▶ [GIVEN ENTRIES]
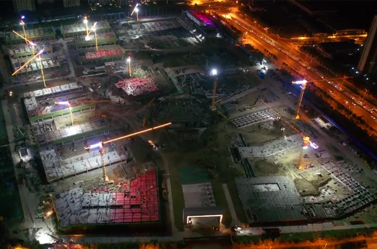 9月20日晚,合肥一中東校區項目燈火通明,項目110多名管理人員,近1200名工人“挑燈夜戰”,搶抓工期進度
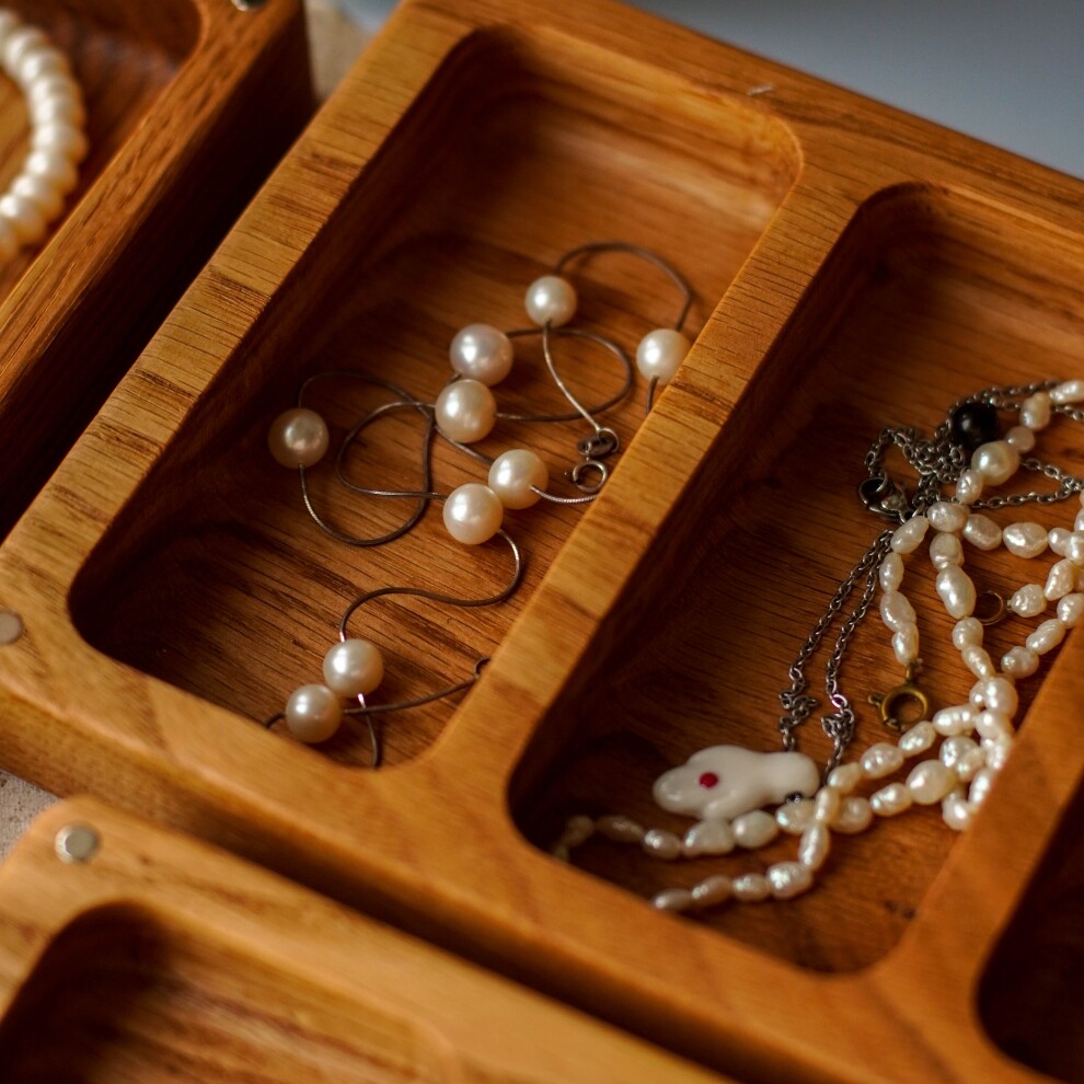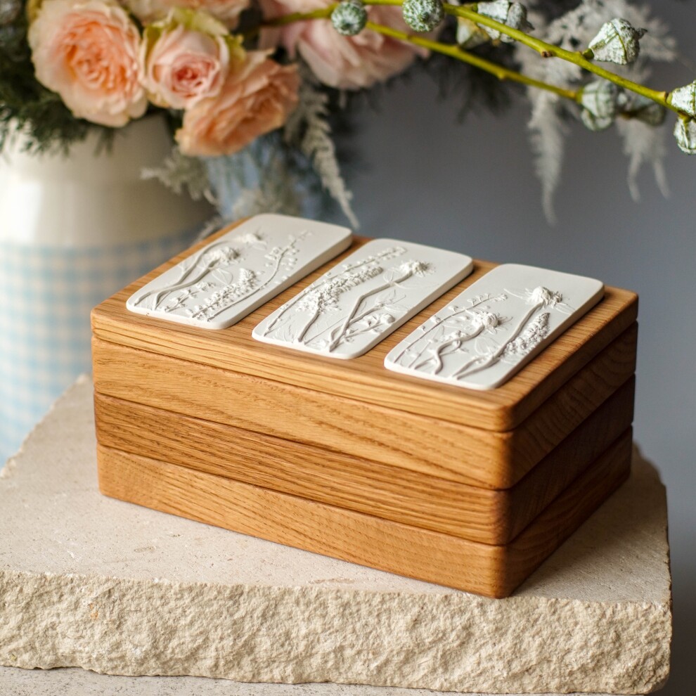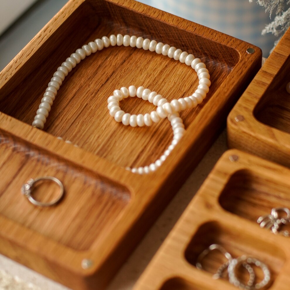 Шкатулка для украшений выполнена из массива дуба, дерево покрыто прозрачным гипоаллергенным маслом. Цвет и узор дерева могут отличаться от представленных на фото.
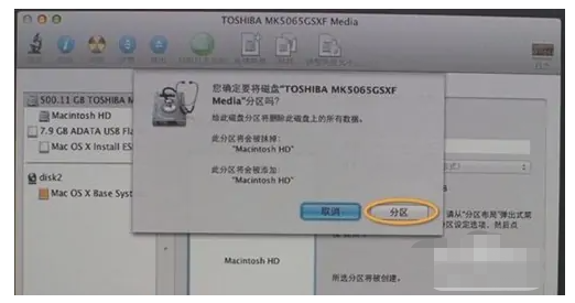 6、接著會彈出提示窗口,分區數據將被抹掉,點擊分區。
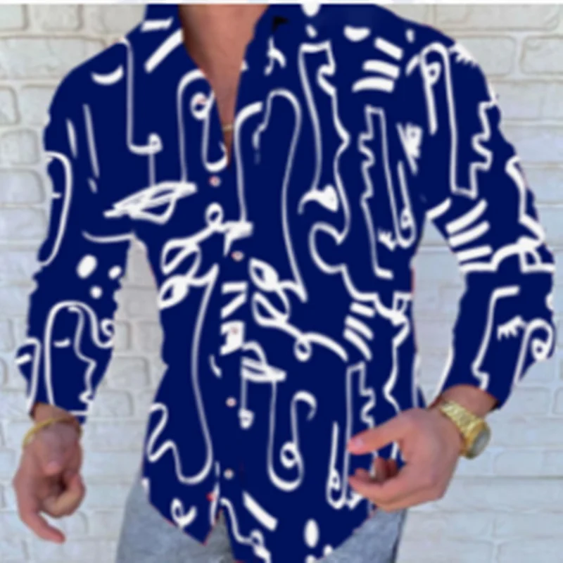 Рубашка мужская с длинным рукавом, Повседневная блуза с принтом, уд...
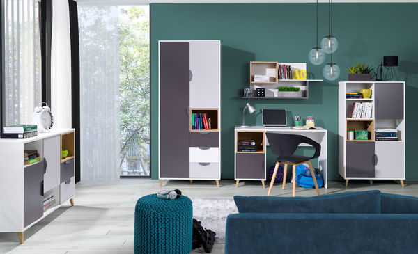 Dětský pokoj Juna 4 je důkazem, že i funkční řešení může být krásné a vizuálně příjemné. Sestava spojuje pestrý, ale harmonický mix barev – bílou, grafitovou, šedou a teplý dekor dub lefkas – v moderním a zároveň hravém designu, který je ideální do pokoje školáka i teenagera. Každý kus nábytku má v pokoji své přesně definované místo a účel, díky čemuž vytváří dobře zorganizované prostředí vhodné pro učení, odpočinek i zábavu. Policová skříň nabízí dostatek prostoru pro oblečení, školní pomůcky či hračky, přičemž je udrží přehledně uspořádané. Regál Juna 6 je ideální pro knihy, boxy či dekorace a pomáhá dětem rozvíjet návyk na pořádek. Komoda Juna 8 poslouží jako praktický pomocník pro vše, co potřebuje své místo – od školních potřeb až po sezónní věci.

▶ [EXERCISE OBJECTIVE] Reproduce exactly the lines from the one containing "Шкатулка для украшений" through the last line of the records, both included, leaving out every picture.

▶ [ANSWER TO THIS PROBLEM]
 Шкатулка для украшений выполнена из массива дуба, дерево покрыто прозрачным гипоаллергенным маслом. Цвет и узор дерева могут отличаться от представленных на фото.
 6、接著會彈出提示窗口,分區數據將被抹掉,點擊分區。
 Рубашка мужская с длинным рукавом, Повседневная блуза с принтом, уд...
 Dětský pokoj Juna 4 je důkazem, že i funkční řešení může být krásné a vizuálně příjemné. Sestava spojuje pestrý, ale harmonický mix barev – bílou, grafitovou, šedou a teplý dekor dub lefkas – v moderním a zároveň hravém designu, který je ideální do pokoje školáka i teenagera. Každý kus nábytku má v pokoji své přesně definované místo a účel, díky čemuž vytváří dobře zorganizované prostředí vhodné pro učení, odpočinek i zábavu. Policová skříň nabízí dostatek prostoru pro oblečení, školní pomůcky či hračky, přičemž je udrží přehledně uspořádané. Regál Juna 6 je ideální pro knihy, boxy či dekorace a pomáhá dětem rozvíjet návyk na pořádek. Komoda Juna 8 poslouží jako praktický pomocník pro vše, co potřebuje své místo – od školních potřeb až po sezónní věci.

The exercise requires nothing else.